As long as the scent of past NCAA runs lingers on the breezes blowing in off Long Island Sound, so too will comparisons beg to be made between these Bulldogs and those. Allain is disinclined to remake his teams in the model of recent rosters and insists that no group nor game is ever a finished product.

“I don’t think we’re near our peak,” he said. “Our focus is to work hard at practice every day and be as good as we an be when March rolls around. That’s been our goal since Day One, and that hasn’t changed a bit. There’s definitely been improvement but there’s room for more growth.”

Is his team capable of tearing through the remainder of its ECAC schedule? Is it still, or again, a dominant force in this league?

“I don’t even think that way,” Allain said. “Right now, we’re worried about playing our best game Friday night at Cornell, and that’s God’s honest truth.”

Tuesday night roundup

Union and Harvard locked horns in Schenectady Tuesday night, and — while it’s always close in ECAC Hockey — smart money prevailed in a 4-1 Dutchmen win. The Crimson were right in the fight until the last few minutes, when Matt Wilkins’ second goal of the year put Harvard to bed. (Daniel Carr’s empty-netter, therefore, turned out the lights … or shut the door, or set the alarm system or something. Extended metaphors: Some assembly required.)

The result kept Union firmly in the hunt for a first-round bye but with 13 games played, everyone else in the league has at least one or two games in hand on the Dutchmen. The loss also cemented Harvard’s cellar-dweller status, as the Crimson are a point and two games behind Colgate and St. Lawrence, who are tied for 10th.
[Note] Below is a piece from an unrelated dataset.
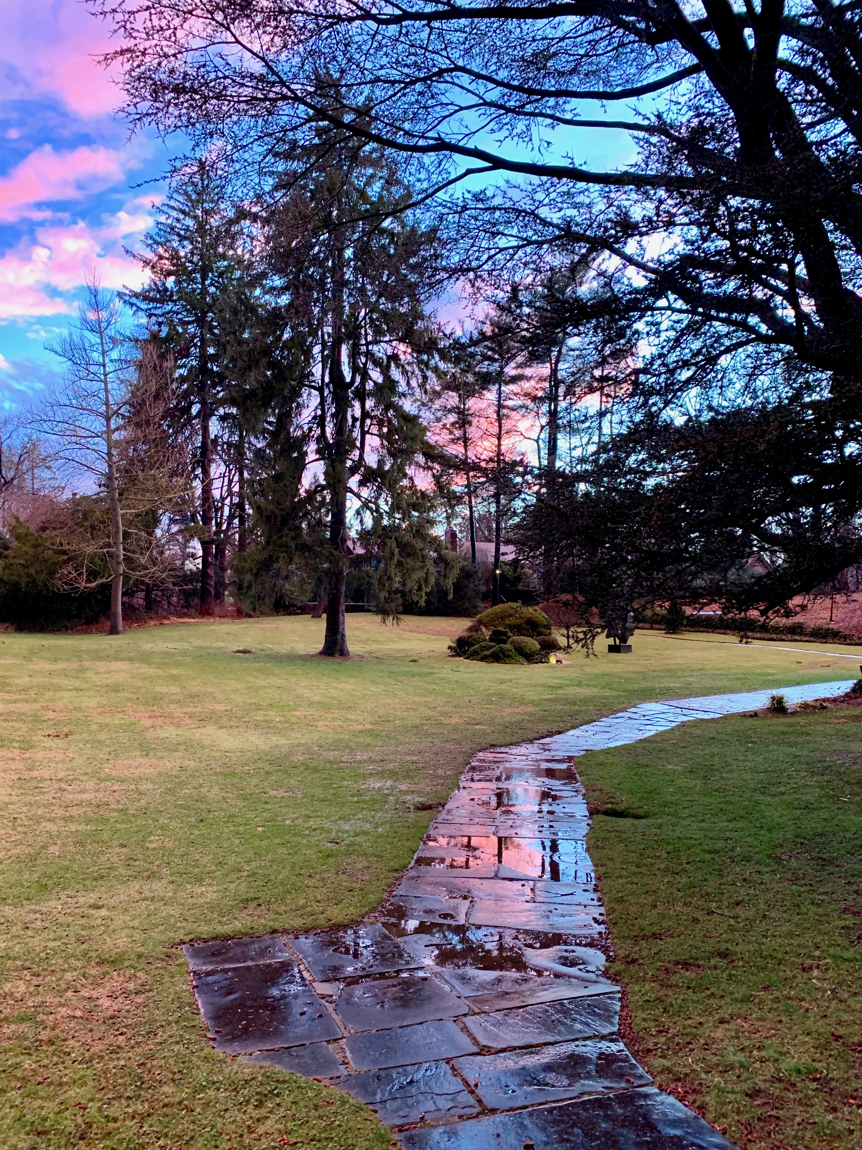 Speaking of awe-inspiring things… That same day, it rained torrentially for hours and hours. Within minutes of my time with those students, the rain ended. Apparently others in the area witnessed a perfect, sky-spanning double rainbow. I missed that, but I happened to glance out the window to see sunset illuminating the sky and reflecting off the puddles left by the rain.
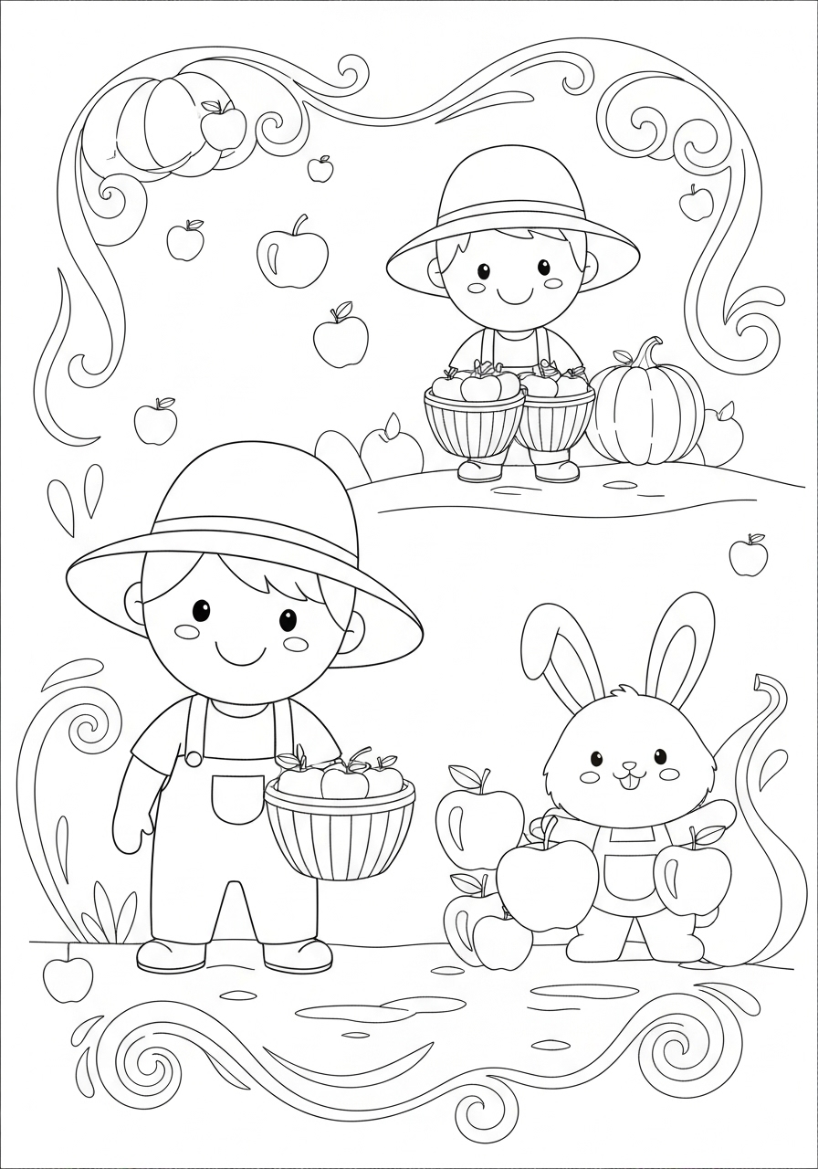 Dive into the enchanting world of autumn with this Beautiful Harvest Time Fun Coloring Page, featuring an abundance of pumpkins, colorful leaves, and playful farm animals that spark creativity and joy. Perfect for kids ages 5 and up, this delightful design invites young artists to explore their imagination while enjoying a fun and engaging coloring experience.

Down in Hamden, Conn., the aforementioned Bobcats got more than they bargained for from Nutmeg State (also the Constitution State, or Provisions State, or Land of Steady Habits) foe Connecticut. The Huskies knotted the score at 1-1 late in the second period, but Connor Jones’ goal with barely four minutes left saved QU an embarrassing foray into overtime, or worse. Regardless, UConn’s tenacity could not deny Quinnipiac a 17th straight game without a loss (15-0-2).

The road doesn’t get any easier for the Q-Cats, as road games at Brown, Yale (that one had better sell out!), Cornell and Colgate await. One has to imagine that should QU’s streak hit 21, the team will be looking awfully good for a favorable NCAA seed.

Notes and such

• Dartmouth welcomed a midseason roster addition, giving a locker, jersey and the number 34 to 10-year-old Rygate, Vt., native Caleb Nelson. The founder of “Caleb Dreams of Ice Cream” created a program that benefits hospitalized children at the Children’s Hospital at Dartmouth-Hitchcock Medical Center; you can read more about the program and the Big Green’s stunning move here.

• Friday’s game between Cornell and Yale at Lynah Rink will be televised nationally on the NBC Sports Network. Dan Parkhurst and Ken Hodge will announce the action; the puck drops at 7:30 p.m. EST.